**Supplied records**
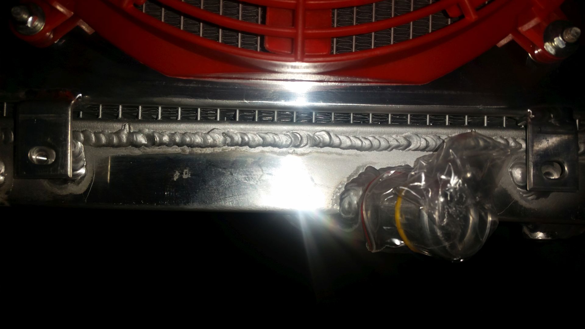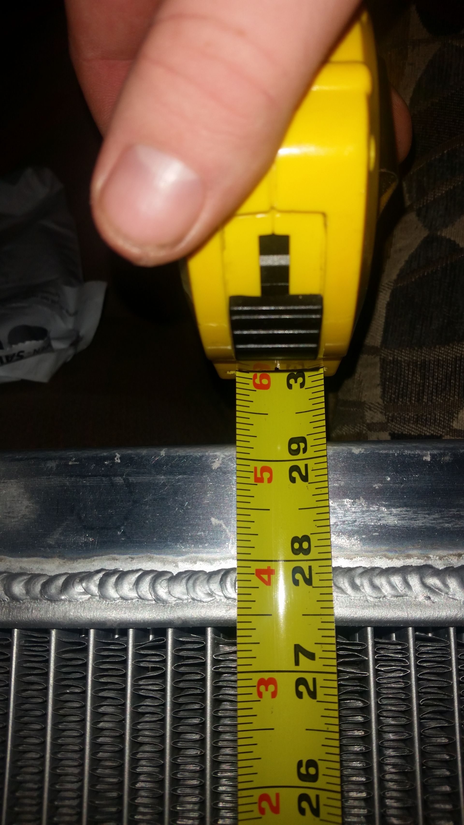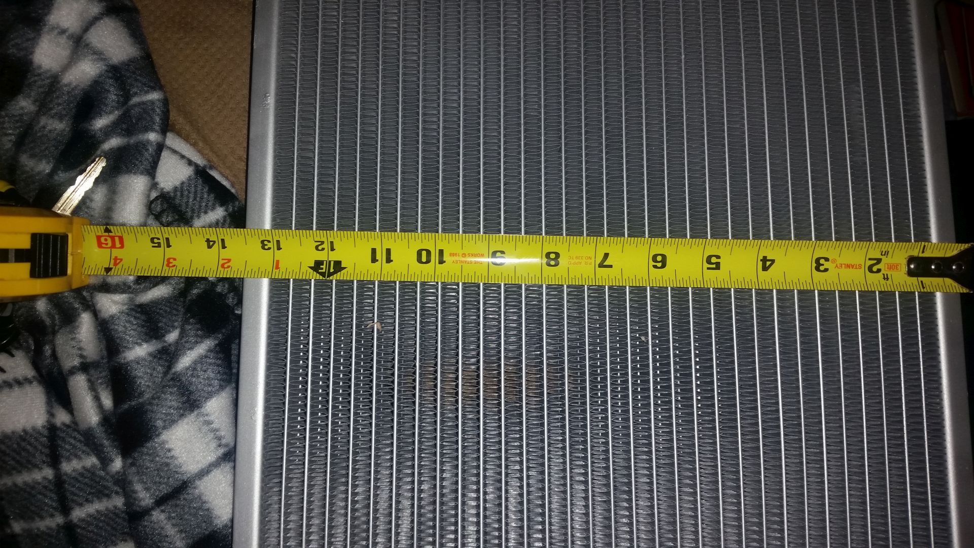 http://www.ebay.com/itm/180901154597 Comes in two boxes separately, packaged fairly nice. However one of my plastic drain plug screws was broken. I plan on plugging those with a bolt anyways. Core height Actual height with mounting points Width inlet to outlet width side to side top, also shows plastic drain (one in upper right and lower left) Width of the side tanks middle Horrible placement of tabs for the radiator shroud. I THINK it will bolt on but totally skewed angle and it doesnt really sit flat. I'll be using a gasket/foam underneath. One hole lined up... This was with the shroud in what I believe to be optimum position. Total width just under 6", Core width is a full 2" Side note, Core is a true 2 row. You can see/feel inside where the hose inlets are, and it looks to be of fairly good construction. I also tested the fans and they did not flow what I felt to be enough to cool the system, Especially if I have a condenser in front of it. Fans are a claimed 1250 and I suspect closer to 7-800. I have an old Audi 12" fan that pushed out noticeably more air in a more uniform fashion. Also my 16" fan just blew both out of the water (For kicks my Lincoln mark 7 fan pushed ME back...) I suspect I will be replacing the fans down the road, probably before I even run them as they are just some Chinese fan.. |
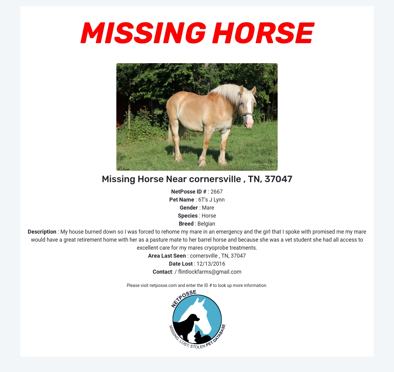 MISSING Horse - Gypsy/Great Gatsby
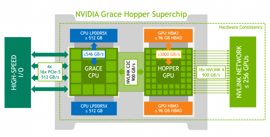 - Grace CPU:连接 480 GB LPDDR5X 内存;
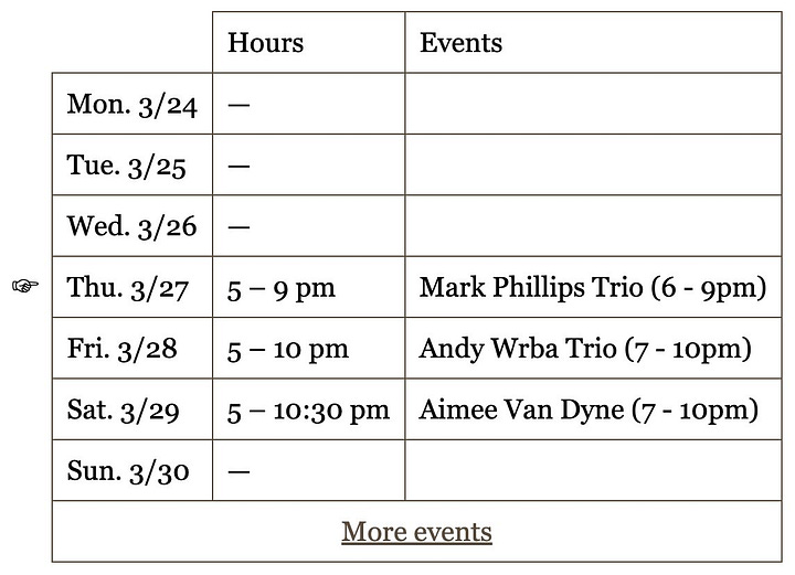 The text sounded stock, too — which is too bad, because the Khaghans really did have a cool vibe going on! They had brought in DJs and bartenders they respected; they threw raucous parties late into the night, invigorating a town emerging from Covid. As I was drafting this I ran into Michael and Katherine in the park and they reminisced about how one of the favorite shows they’ve ever played was in that Ostrich Room era. It was genuinely rollicking. But the site didn’t prove it.
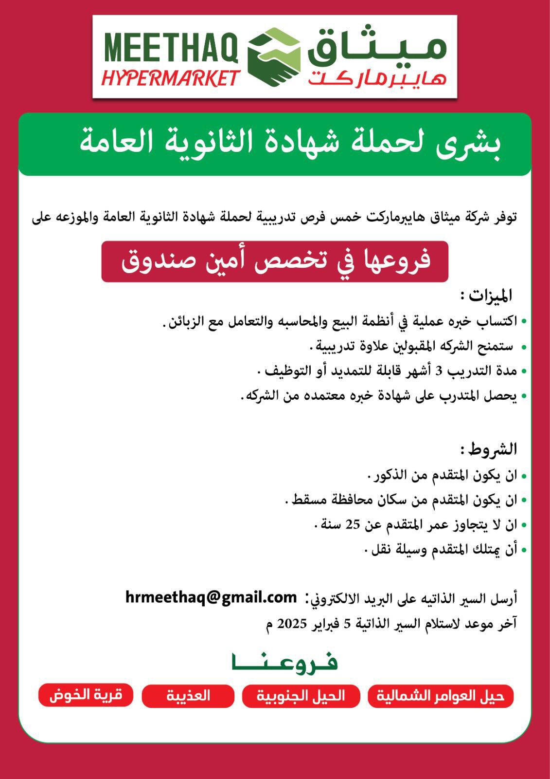 شركة ميثاق هايبر ماركت - توفر 5 فرص تدريبية لمدة 3 أشهر مع علاوة ( مجال التدريب أمين صندوق )

**What to do**
Please retype every entry above exactly, leaving out any picture.

**Task response**
 http://www.ebay.com/itm/180901154597 Comes in two boxes separately, packaged fairly nice. However one of my plastic drain plug screws was broken. I plan on plugging those with a bolt anyways. Core height Actual height with mounting points Width inlet to outlet width side to side top, also shows plastic drain (one in upper right and lower left) Width of the side tanks middle Horrible placement of tabs for the radiator shroud. I THINK it will bolt on but totally skewed angle and it doesnt really sit flat. I'll be using a gasket/foam underneath. One hole lined up... This was with the shroud in what I believe to be optimum position. Total width just under 6", Core width is a full 2" Side note, Core is a true 2 row. You can see/feel inside where the hose inlets are, and it looks to be of fairly good construction. I also tested the fans and they did not flow what I felt to be enough to cool the system, Especially if I have a condenser in front of it. Fans are a claimed 1250 and I suspect closer to 7-800. I have an old Audi 12" fan that pushed out noticeably more air in a more uniform fashion. Also my 16" fan just blew both out of the water (For kicks my Lincoln mark 7 fan pushed ME back...) I suspect I will be replacing the fans down the road, probably before I even run them as they are just some Chinese fan.. |
 MISSING Horse - Gypsy/Great Gatsby
 - Grace CPU:连接 480 GB LPDDR5X 内存;
 The text sounded stock, too — which is too bad, because the Khaghans really did have a cool vibe going on! They had brought in DJs and bartenders they respected; they threw raucous parties late into the night, invigorating a town emerging from Covid. As I was drafting this I ran into Michael and Katherine in the park and they reminisced about how one of the favorite shows they’ve ever played was in that Ostrich Room era. It was genuinely rollicking. But the site didn’t prove it.
 شركة ميثاق هايبر ماركت - توفر 5 فرص تدريبية لمدة 3 أشهر مع علاوة ( مجال التدريب أمين صندوق )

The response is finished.